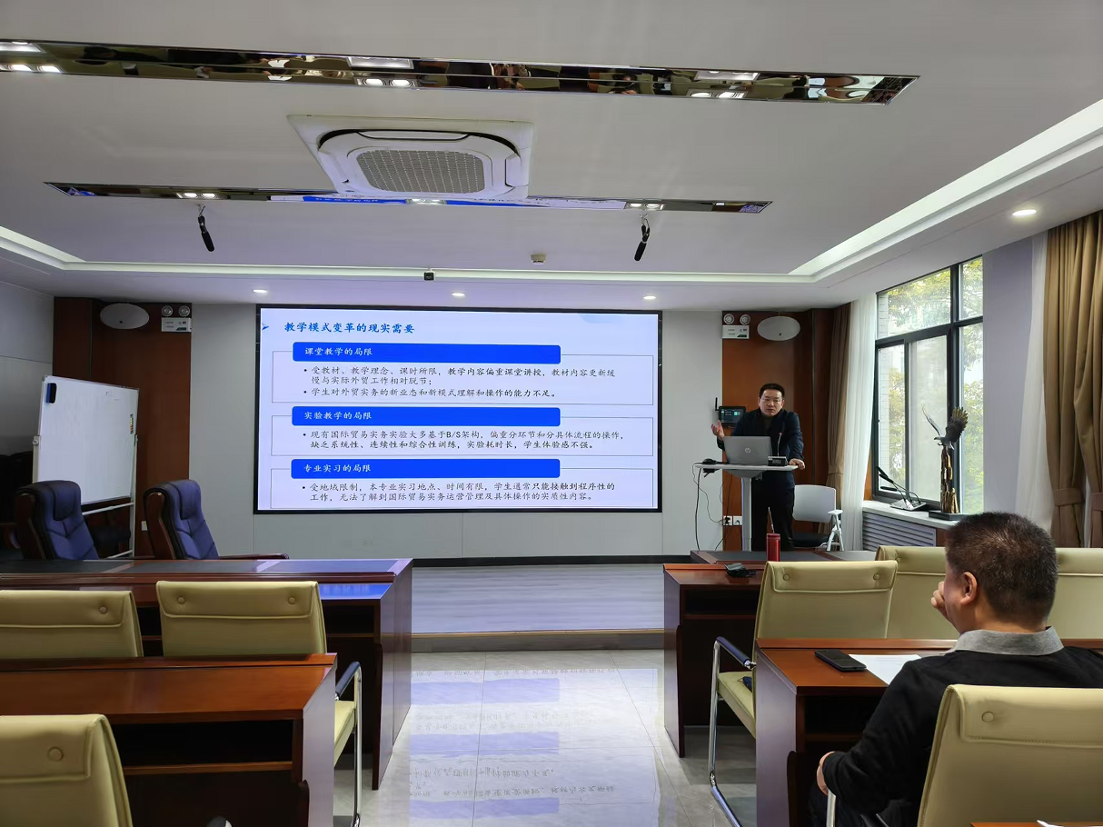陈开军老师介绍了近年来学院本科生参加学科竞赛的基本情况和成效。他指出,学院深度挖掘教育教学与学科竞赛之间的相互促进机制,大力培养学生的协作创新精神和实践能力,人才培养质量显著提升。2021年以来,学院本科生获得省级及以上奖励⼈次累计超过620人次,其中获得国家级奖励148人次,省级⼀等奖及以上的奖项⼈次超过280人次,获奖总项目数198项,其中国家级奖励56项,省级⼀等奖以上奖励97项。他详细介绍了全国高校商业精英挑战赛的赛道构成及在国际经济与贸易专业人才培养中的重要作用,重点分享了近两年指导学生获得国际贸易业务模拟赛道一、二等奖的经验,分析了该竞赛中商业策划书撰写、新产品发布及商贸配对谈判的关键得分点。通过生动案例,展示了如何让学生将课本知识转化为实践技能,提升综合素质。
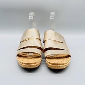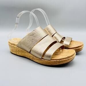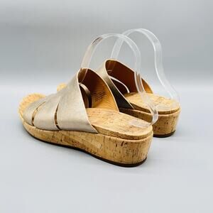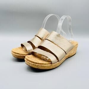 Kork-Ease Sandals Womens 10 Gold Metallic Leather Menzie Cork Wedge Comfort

* * *

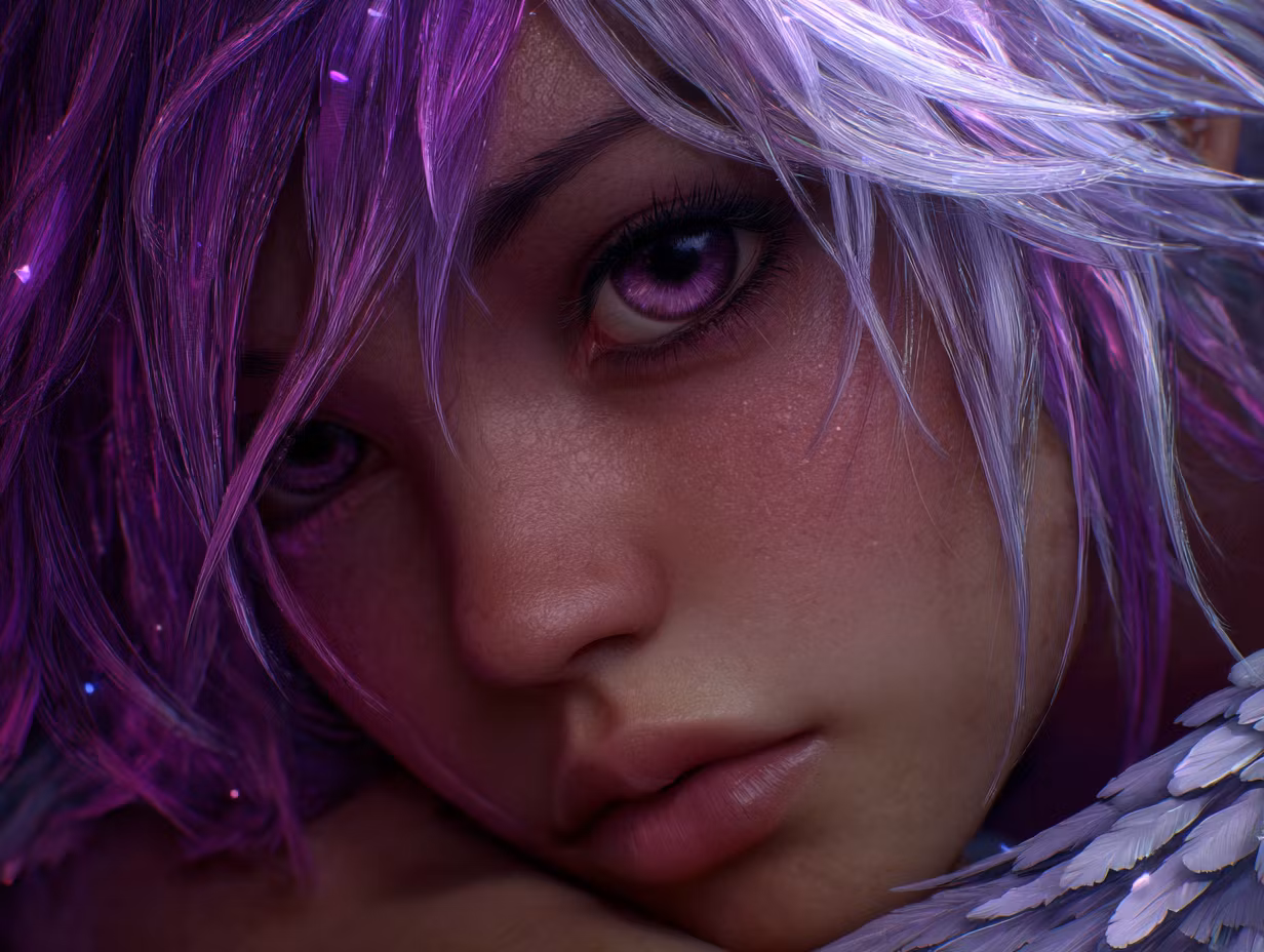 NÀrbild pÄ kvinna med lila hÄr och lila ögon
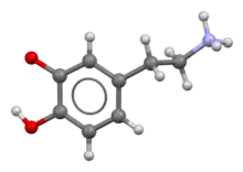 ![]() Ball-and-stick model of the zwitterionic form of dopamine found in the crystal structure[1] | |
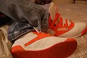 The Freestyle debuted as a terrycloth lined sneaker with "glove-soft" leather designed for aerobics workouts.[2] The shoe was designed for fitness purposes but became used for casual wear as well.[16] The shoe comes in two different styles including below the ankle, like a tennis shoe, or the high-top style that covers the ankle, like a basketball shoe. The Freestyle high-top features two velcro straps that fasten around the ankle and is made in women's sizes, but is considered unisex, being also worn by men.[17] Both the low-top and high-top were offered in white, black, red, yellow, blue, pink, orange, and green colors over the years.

▸ **Task**
Of the records above, print only the lines from the one containing "陈开军老师介绍了近年来学院本" through the one containing "Kork-Ease Sandals Womens", inclusive and unaltered, leaving out pictures.

▸ **Solution to the problem**
陈开军老师介绍了近年来学院本科生参加学科竞赛的基本情况和成效。他指出,学院深度挖掘教育教学与学科竞赛之间的相互促进机制,大力培养学生的协作创新精神和实践能力,人才培养质量显著提升。2021年以来,学院本科生获得省级及以上奖励⼈次累计超过620人次,其中获得国家级奖励148人次,省级⼀等奖及以上的奖项⼈次超过280人次,获奖总项目数198项,其中国家级奖励56项,省级⼀等奖以上奖励97项。他详细介绍了全国高校商业精英挑战赛的赛道构成及在国际经济与贸易专业人才培养中的重要作用,重点分享了近两年指导学生获得国际贸易业务模拟赛道一、二等奖的经验,分析了该竞赛中商业策划书撰写、新产品发布及商贸配对谈判的关键得分点。通过生动案例,展示了如何让学生将课本知识转化为实践技能,提升综合素质。
 Kork-Ease Sandals Womens 10 Gold Metallic Leather Menzie Cork Wedge Comfort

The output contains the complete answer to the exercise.